Integrating the training of new recruits with Member Care

“I can’t bear to watch, I need to leave!” This was a frequent statement from anxious moms who had brought their infants into the medical clinic where I worked as a nurse before serving overseas. Their infants were about to receive routine immunizations against childhood diseases. Though the infants received several injections throughout their early months, there were significant strides made when several of the immunizations were combined into one injection. These combined or “integrated” injections reduced trauma to the infant and the mom while accomplishing the intended purpose.

Immunizations prevent serious diseases rather than trying to cure them. Could we also not do more to prevent tragic fallout of valuable personnel by investing more in prevention? By integrating member care concepts into field training curriculum of new folks we can stretch the prevention dynamic.

While functioning in the role of Member Care Facilitator for our field, I was also asked by my Field Leader to take on the role of Field Training Facilitator. This role involved, among other things, overseeing the training curriculum of our new recruits during their first two years.

It had long been a passion of mine to see the two entities, field training and member care, function in a more integrated manner. Just imagine how much more effective member care could be if we prepare and train folks ahead of time rather than waiting until the crisis happens. Too often we find ourselves picking up the pieces of over stress, burn out, unresolved conflict and other issues. Training in the emotional health arena to raise awareness of one’s inner (spiritual and emotional) world can contribute to more positive and healthier outcomes. Just as immunizations prevent serious disease in childhood, more up front training in the area of personal and emotional awareness can promote resilience and prevent serious loss and ill-health of foreign workers. Too often field training is limited to knowledge of culture and language.
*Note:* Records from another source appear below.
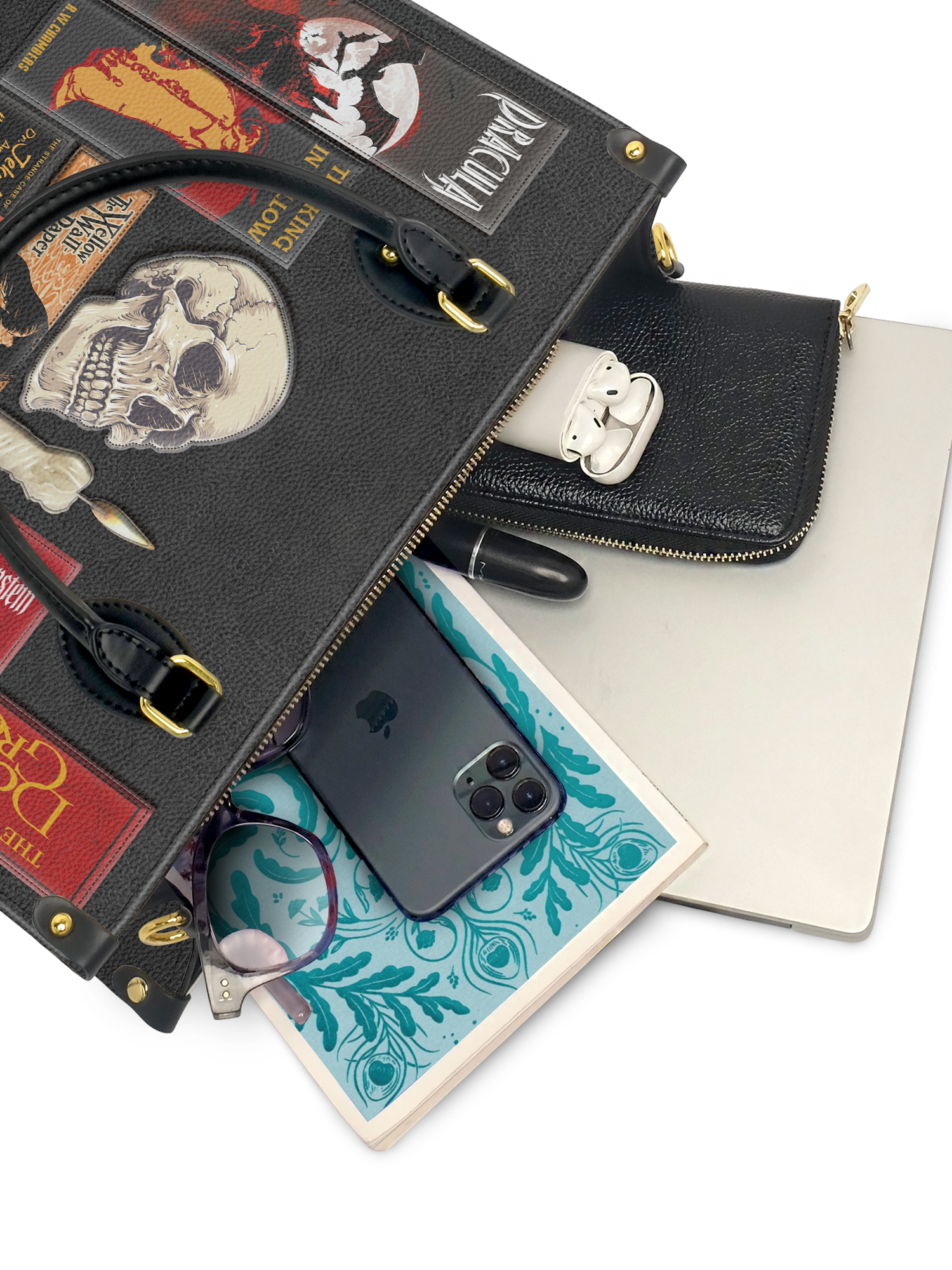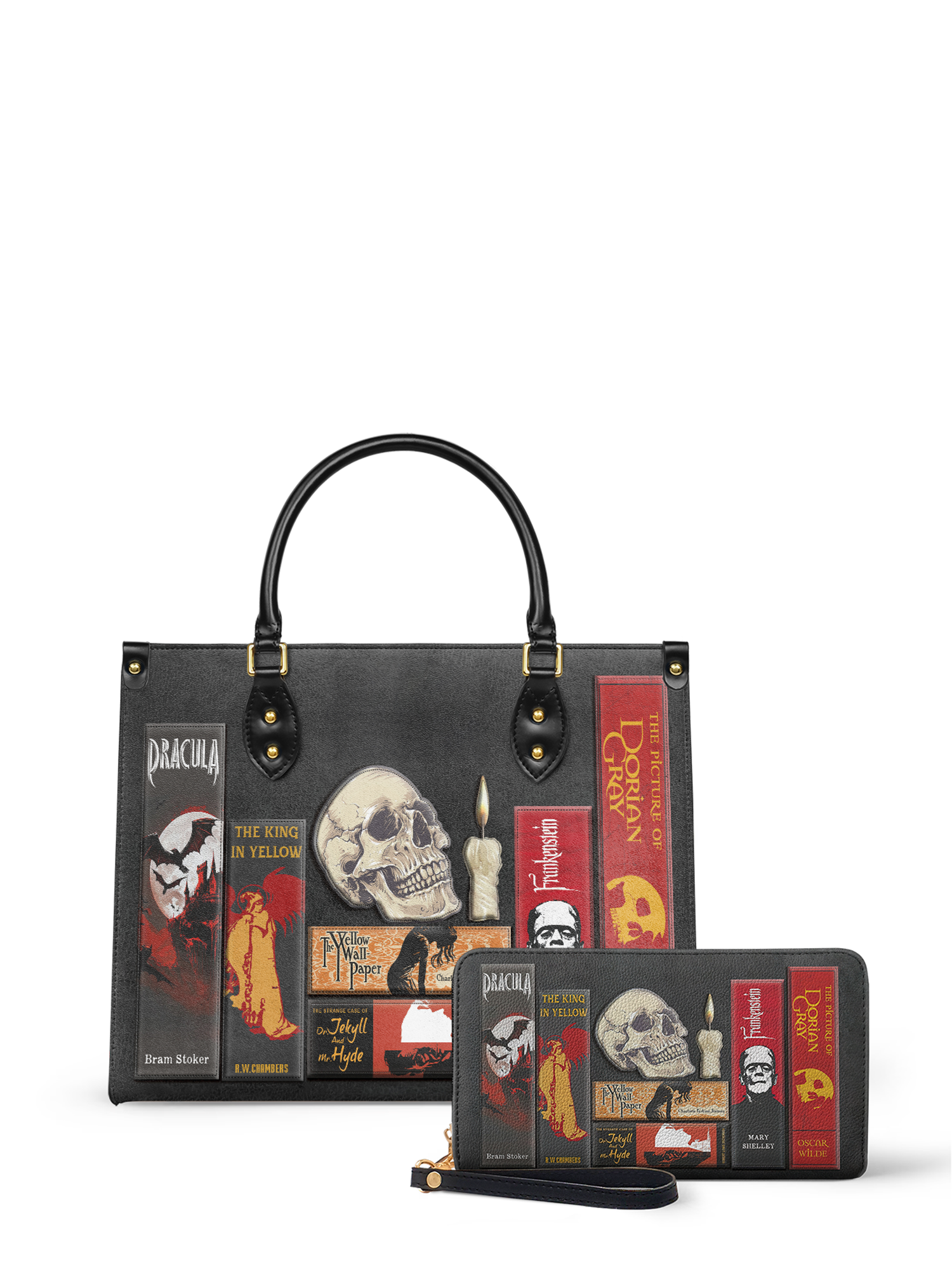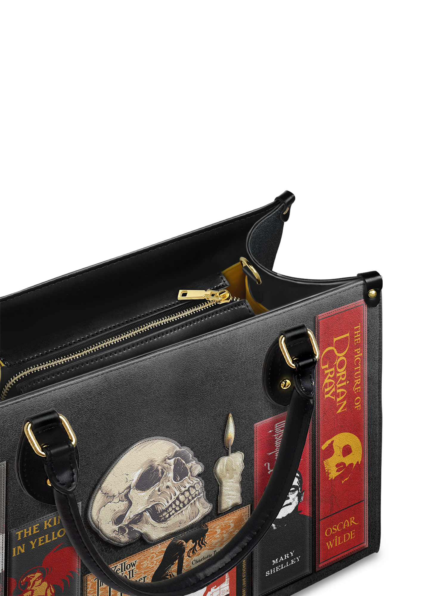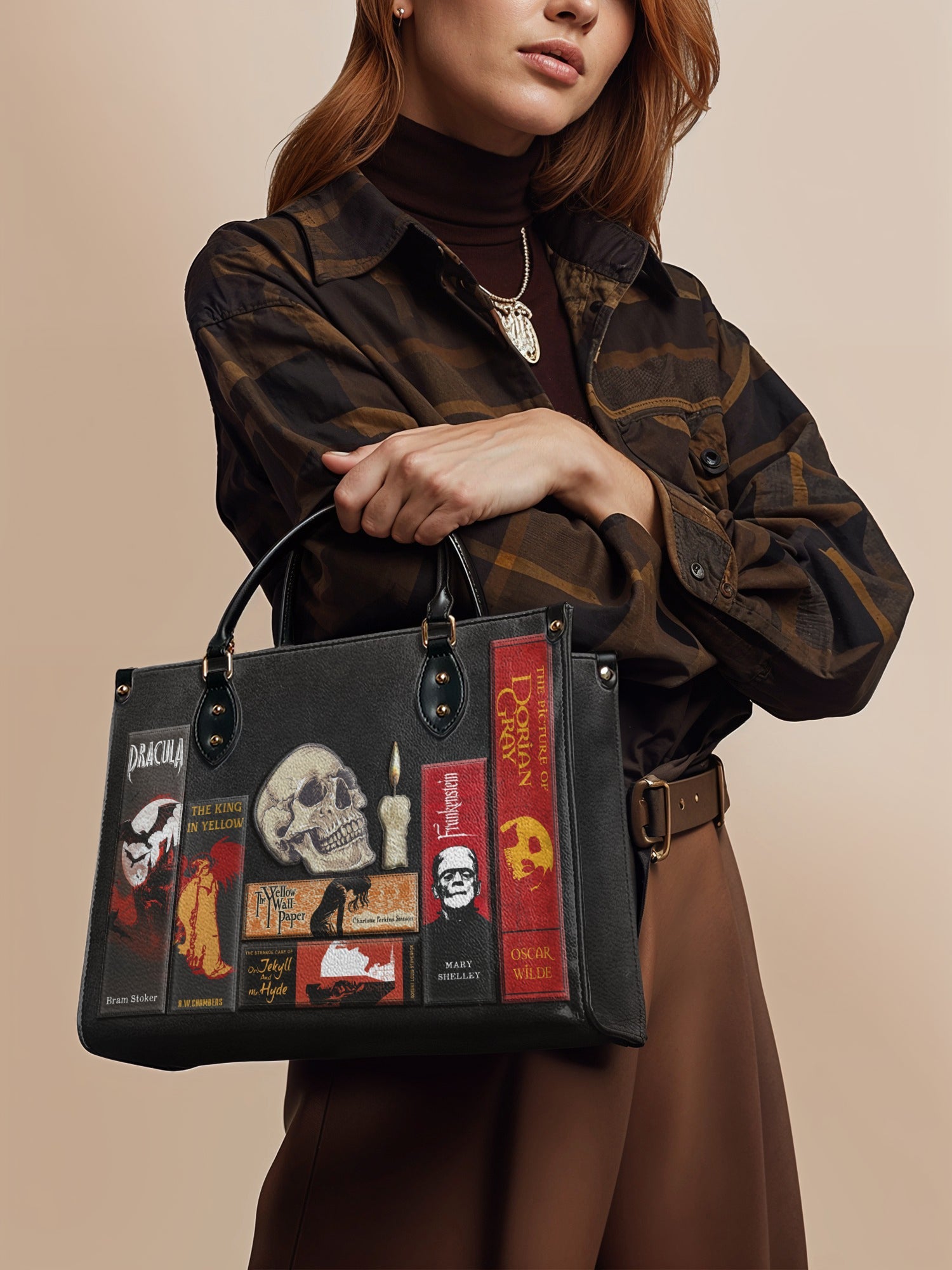 This Codex of Gothic Tales Leather Handbag is dripping with eerie elegance. A haunting collection of classic horror books—Dracula, Frankenstein, The Picture of Dorian Gray, The King in Yellow, and more—stacked together like a forbidden library. A weathered skull, a flickering candle, and vintage textures bring the dark academia aesthetic to life. Made from high-quality leather with sleek black handles and gold accents, this bag is perfect for book lovers, gothic souls, and those who love a touch of mystery. Dare to carry the dark tales that never fade?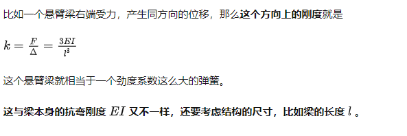 對于結構來說,一根杠件的抗彎度并不能反映主要問題,我們更關心的是結構在力的作用下產生的位移,也就是說要分清楚是哪個力和哪個位移的關系,剛度也要具體到是哪個力與哪個位移之間的剛度。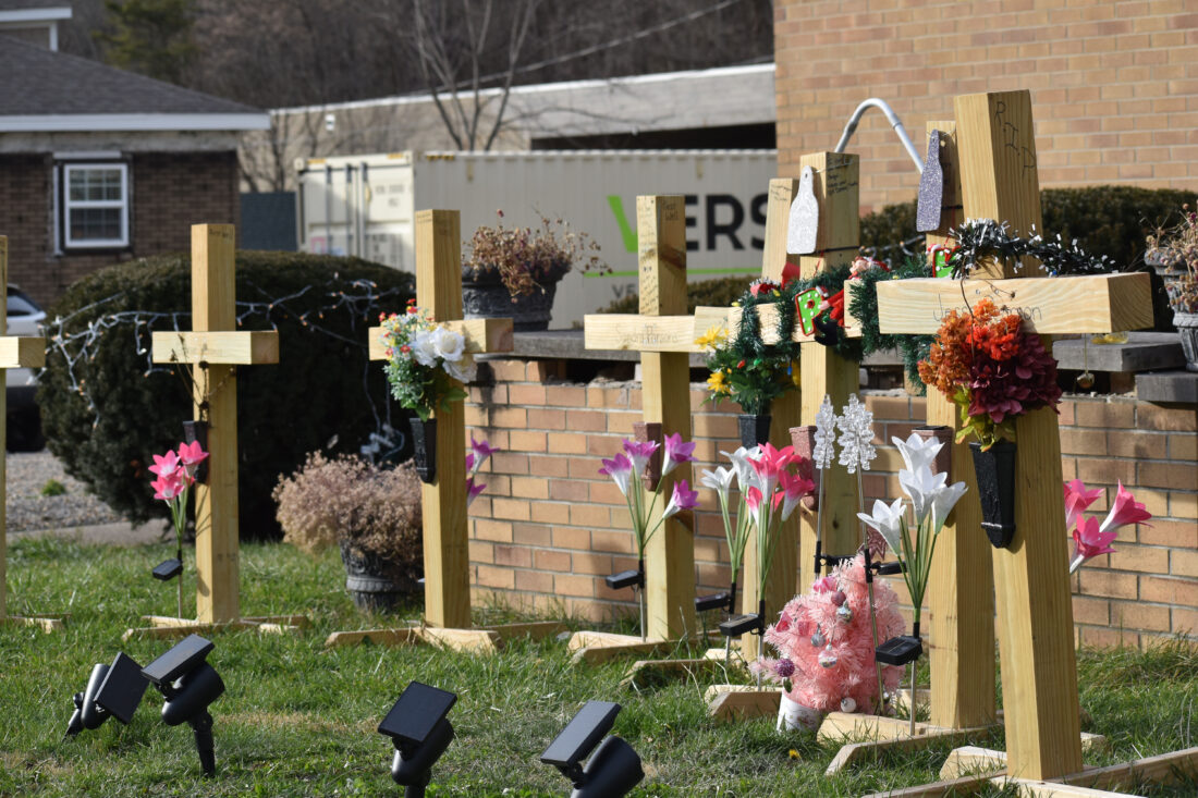 Wooden crosses outside the Triadelphia United Methodist Church – each representing a victim of the deadly June 14 flood that ravaged the community – remain in place six months later, with some decorated for the holiday. (Photo by Eric Ayres)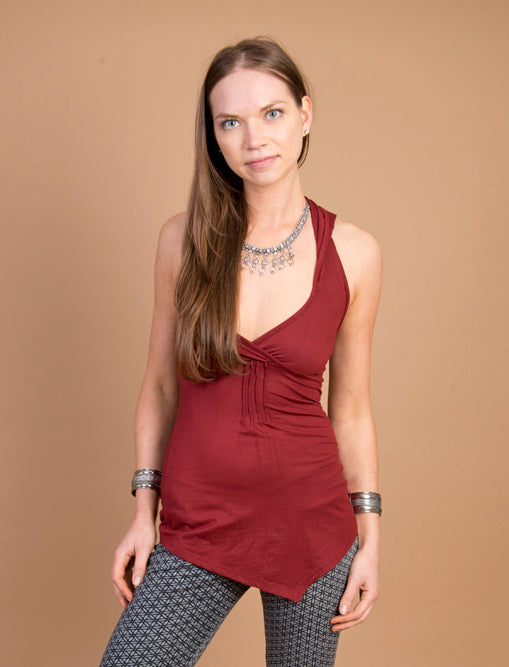 A fantastic option for the dancers, the pixies, and the hoopers in our midst! Form fitting, stretchy, and sexy, Hooded Pixie Top comes down to a point in the front and back, has a halter neck, and shows off your back. A long time Mishu favorite!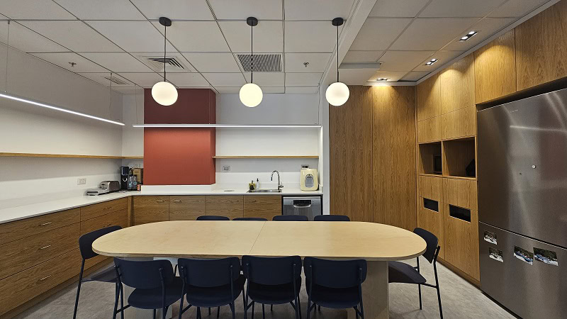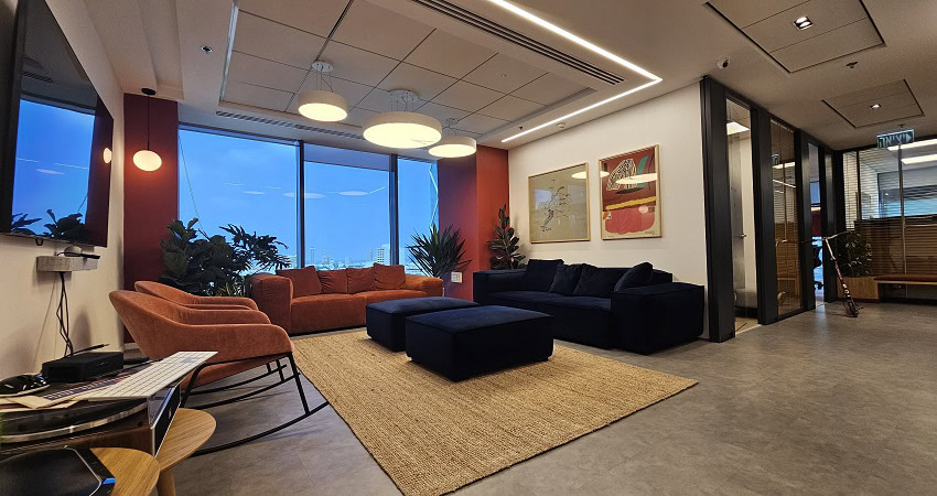 אודות חלוקת המשרד: 48 עמדות עבודה סה”כ בחלוקה הבאה – קבלה, 2 חדרי ישיבות, 2 חדר מנהל, חדר צוות, 10 חדרי עבודה, לאונג’ פינת אוכל ומטבח.
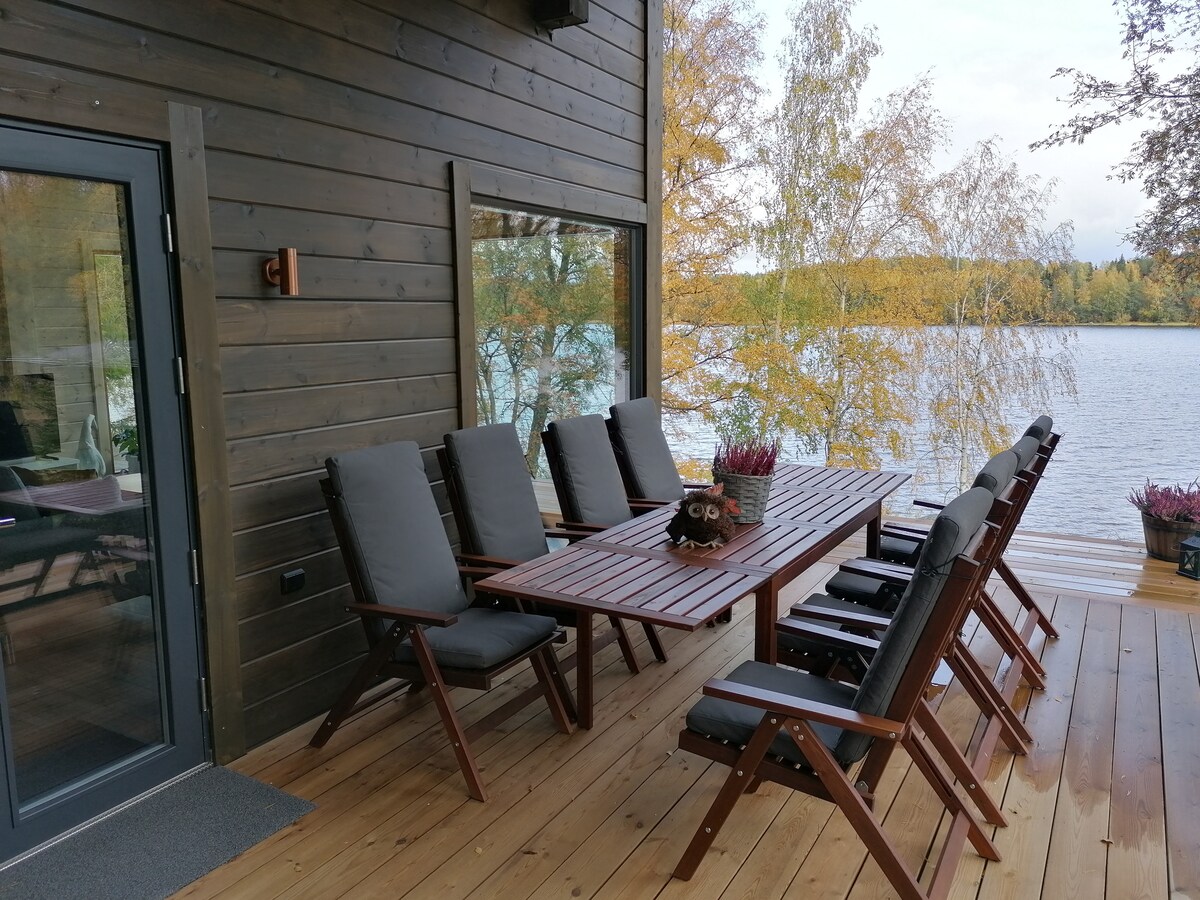 Das nagelneue, direkt am See liegende Ferienidyl bietet Ruhe, Komfort und wird Sie in eine "No-Stress" Sphäre abheben lassen - allerspätestens dann, wenn Sie der feuerbeheizten Finnischen Sauna einen Besuch abgestattet haben. Die grosse Fensterfrontwand des Haupthauses sowie dessen vollverglasten Terrassentüren sorgen für Licht und für einen herrlichen Blick auf den See. Es stehen ein Ruderboot und ein Kayak zur Verfügung. Der Hot-tub kann gegen ein Entgelt von 130 EUR gemietet werden.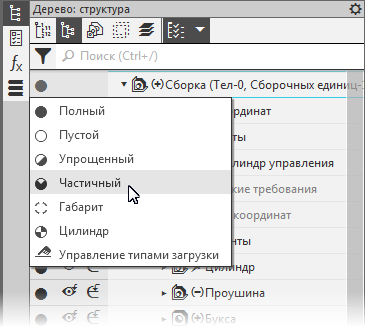 Чтобы применить другой тип загрузки сборки во время работы с ней, выберите его из списка типов загрузки в столбце типов загрузки Дерева построения. Для этого щелкните мышью по значку типа загрузки в строке корневого элемента Дерева и укажите нужный тип в появившемся списке (см. рисунок).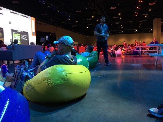 So there is this magical place called the West Expo Center. It contains a wall of 18 presentations running simultaneously. You pull up a beanbag, plug into one of the receivers, and switch between the 18 presentations. I was unaware of this most awesome way to take in a conference, but the folks from TCF were. We spent the entire AM flipping between presentations, drinking coffee & tea, and lounging in beanbags commiserating about trying to roll out O365.

While these are crucial, self-care topics can also be incorporated.

Debriefing of routine activities is one way to build positive emotional health and raise self-awareness. With the goal of integrating training and member care, I planned an activity, such as a mosque visit after which we completed a group debrief. As we routinely debrief after each outing or activity, new folks are gaining awareness of their own and others’ reactions, including thoughts, feelings, sensations, and behavior.

I also incorporated a unit in the mentoring handbook that focuses on raising personal awareness. This unit includes identity, basic conflict resolution, processing disappointments and losses, recognizing individual needs, and appropriate ways of getting these needs met. The conflict resolution is a very basic form of noting hurts and offenses and taking appropriate action. A feelings or “soul words” chart included in this unit is a useful tool in building these skills.

We can move forward by integrating member care concepts into field training curriculum!